После нескольких вдохов она выглядела немного спокойнее, и я постаралась переключить ее внимание.
— Мой следующий спектакль — «Любовь как пена морская». Он рассказывает историю кронпринца Австро-Венгерской империи Рудольфа и его любовницы Марии.
— Когда приедем в Вену, я хочу съездить посмотреть охотничий домик, где они покончили с собой. Он находится в Майерлинге, совсем недалеко от Вены.
— А?
— Ты собираешься играть этого негодяя, который обманул и убил наивную девушку?
— Уж лучше бы ты снова играла его отца!
— Э-э... — я хотела поправить ее, но, подумав, поняла, что она не ошиблась. — Даже если он негодяй, его психология очень сложна.
— Ну конечно, если бы он не был таким хитрым и изворотливым, как бы он мог обманывать женщин, чтобы они были ему преданы до смерти?
— Впрочем, только Мария не разглядела его истинную сущность. Его жена избежала его угроз, а другая его любовница, Мицци, услышав предложение умереть вместе, сразу вызвала полицию.
— Такое тоже было?
— Версия Такарадуки — это художественная обработка.
— Неужели они приукрасили это, превратив в романтическую историю о смерти во имя любви?
Я хотела что-то сказать, но промолчала.
— Рудольф — это как удачливая версия Дадзая Осаму. Ему удалось покончить с собой с первой попытки, по крайней мере, он избавил от страданий одну женщину, — с сарказмом сказала Ибу, и ее слова лишили меня дара речи.
У меня самой не было особого мнения об этом спектакле, но, услышав ее критику, я тоже начала испытывать неприязнь к подобным историям.
— Зачем вообще нужно приукрашивать «любовь» негодяя?
В тот вечер мы с Ибу и Лоурес вылетели в Вену.
Хотя полет длился всего чуть больше двух часов, перепад давления все равно доставил Ибу сильный дискомфорт.
В итоге мне пришлось выносить ее, страдающую от головокружения, из самолета, а она бормотала, что в следующий раз обязательно поедет на поезде.

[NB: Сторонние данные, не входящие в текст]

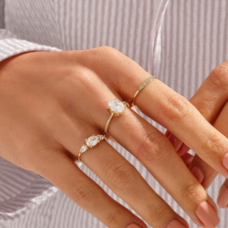 ✥ Capture the essence of modern romance with our East-West Oval Cut Three Stone Moissanite Engagement Ring for Women. This captivating piece features a unique twist on the classic three-stone design, with oval-cut moissanite gemstones set horizontally for a contemporary look. The sleek east-west orientation of the stones creates a striking silhouette on the finger, symbolizing the journey of love from past to present to future. Crafted with meticulous attention to detail and adorned with shimmering accents, this ring exudes elegance and sophistication, making it the perfect choice to celebrate your timeless love story. Let this exquisite ring be a symbol of your commitment and devotion, promising a lifetime of love and happiness together.

Дворецкий госпожи Фердинанд, Фред, уже ждал в аэропорту и отвез нас прямо в поместье, где должен был состояться званый ужин.
Только когда роскошный автомобиль проехал по обширному газону к старинному особняку, я осознала, насколько пышным был прием, на который пригласили Ибу. И по совпадению, этот особняк находился всего в двадцати минутах езды от охотничьего домика, который я хотела посетить.
Поскольку было уже поздно, мы не встретились с госпожой Фердинанд, а по распоряжению дворецкого разместились в подготовленных для нас гостевых комнатах.
Только на следующее утро, благодаря представлению Ибу, я наконец увидела именинницу.
Вопреки моим ожиданиям, она оказалась не строгой аристократкой, а свободолюбивой и остроумной ученой — в настоящее время она была профессором юридического факультета Венского университета.
Хотя они говорили по-английски, чтобы мне было понятнее, я все равно не очень разбирала содержание их беседы.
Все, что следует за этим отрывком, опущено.